Drei Bausteine für das Projekt „Klassenerhalt“ des VfL Günzburg

Mit ihnen ist der Kader des Drittliga-Aufsteigers komplett: Oliver Köppel, Matevz Kunst und Anes Becic (von links) spielen für den VfL Günzburg.
Bild: Verein

Drittliga-Aufsteiger VfL Günzburg schließt die größte Baustelle im Kader. Was die Neuzugänge auszeichnet - und wer das Team verlässt.

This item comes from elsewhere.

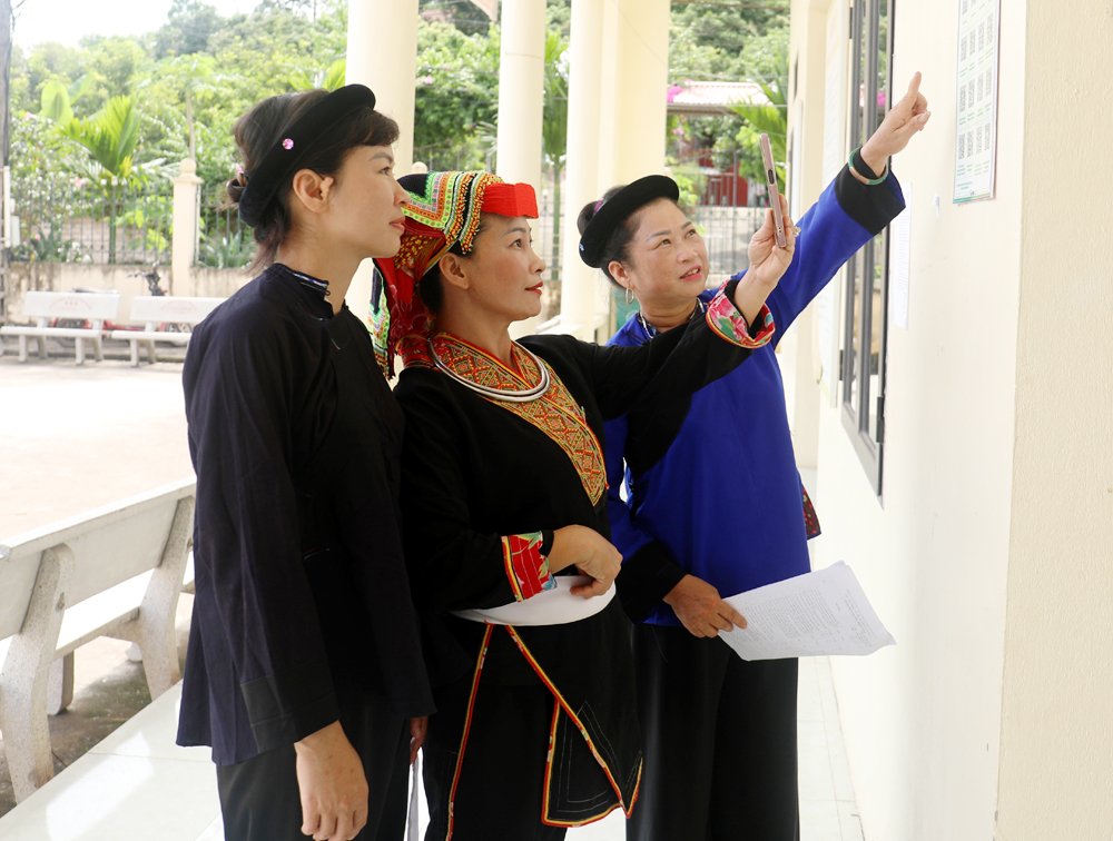 Hội viên phụ nữ DTTS xã Hồng Kỳ (Yên Thế) trao đổi về công tác ứng dụng chuyển đổi số trong sinh hoạt hội. |
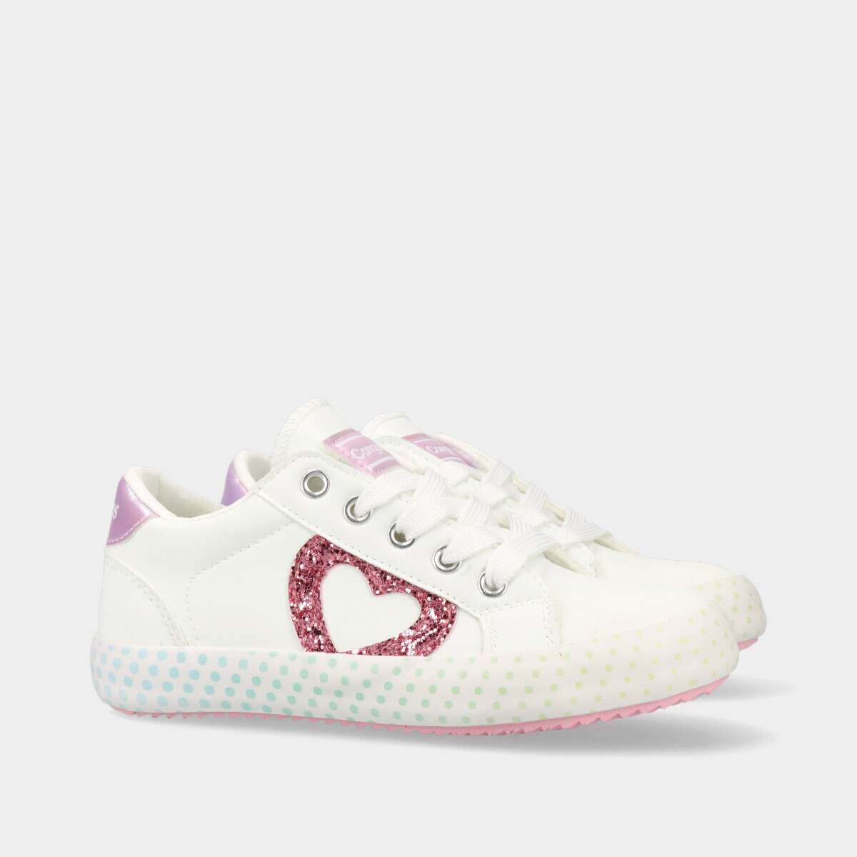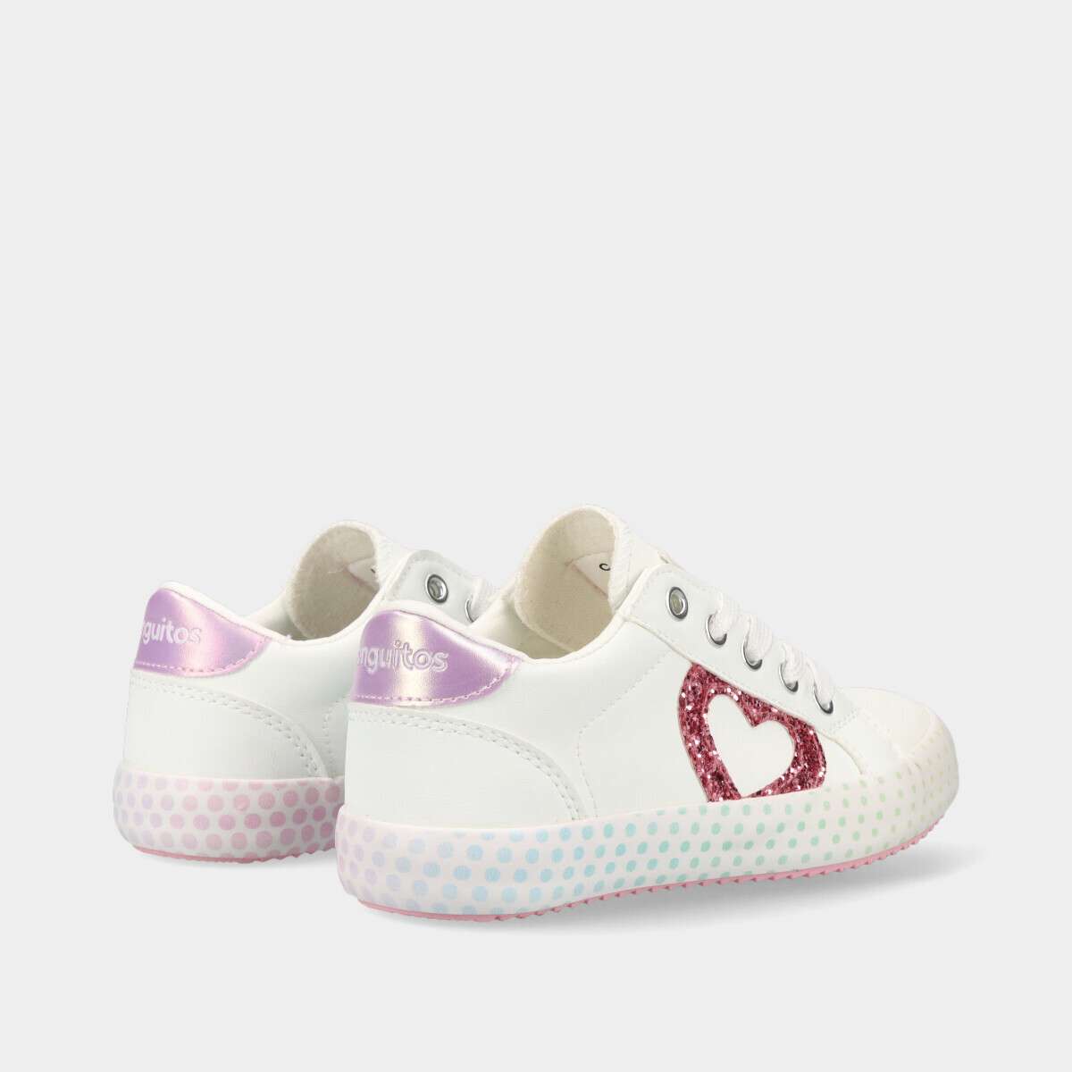 Ténis brancos que combinam conforto, durabilidade e estilo. Com um design elegante, coração em glitter rosa e sola com bolinhas pastel, são ideais para o dia a dia. O fecho de cordões garante um ajuste seguro, tornando-os perfeitos para qualquer ocasião.

Das Kapitel Kaderplanung ist abgeschlossen. Die Handballer des VfL Günzburg haben Oliver Köppel, Anes Becic und Matevz Kunst verpflichtet. Damit ist klar, dass der Drittliga-Aufsteiger sein erfolgreiches Team um insgesamt fünf Neuzugänge erweitert. Zuvor hatte Sportleiter Fabian Schoierer bereits Balász Tóth und Luca Kaulitz unter Vertrag genommen. Als Abgänge stehen dem Frieder Bandlow, Jonas Guckler, Jonas Lehr und nun auch Alexander Jahn gegenüber.

Jahn folgte seinen früheren A-Jugend-Kumpels Louis Dück und Devin Ugur zum künftigen Drittliga-Rivalen TSV Blaustein. Trainer Jan Behr sieht in ihm nach einer verletzungsreichen vergangenen Spielzeit vor allem eine zusätzliche Einsatz-Option. „Jahn kann mit dem Team Erfahrungen sammeln und sich gut weiterentwickeln. Für uns ist es wichtig, dass wir unsere Stammspieler punktuell verstärken und stützen“, kommentierte er die Verpflichtung des jungen Rückraumspielers.

Ohne Linkshänder keine Siegchance

Unterdessen freuen sich Cheftrainer Gábor Czakó und Kapitän Patrick Bieber auf die anstehenden Vorbereitungseinheiten mit dem nun kompletten Kader. Heilfroh sind alle Günzburger, dass die bislang größte Baustelle nun geschlossen ist, denn Anes Becic wird die Lücke auf der Rechtsaußen schließen. Schon in der Bayernliga-Runde konnte das spätere Meisterteam jedes Fehlen von Bandlow nur mit viel Mühe einigermaßen kompensieren. Ohne einen spielstarken Linkshänder aber ist es in der dritten Liga schier ein Ding der Unmöglichkeit, Spiele zu gewinnen. Nach längerer Suche nun haben die VfL-Macher in Becici einen cleveren Linkshänder mit einem guten Auge und einem lockeren Handgelenk gefunden und ihn vom österreichischen Zweitligisten HC Trofaiach losgeeist. Becic spielte sowohl für die Jugend- als auch für die Männer-Nationalmannschaft von Bosnien-Herzegowina. Er gelangte von seinem Heimatverein HC Bosna Sarajevo über den israelischen Verein HC Maccabi Tel Aviv nach Österreich.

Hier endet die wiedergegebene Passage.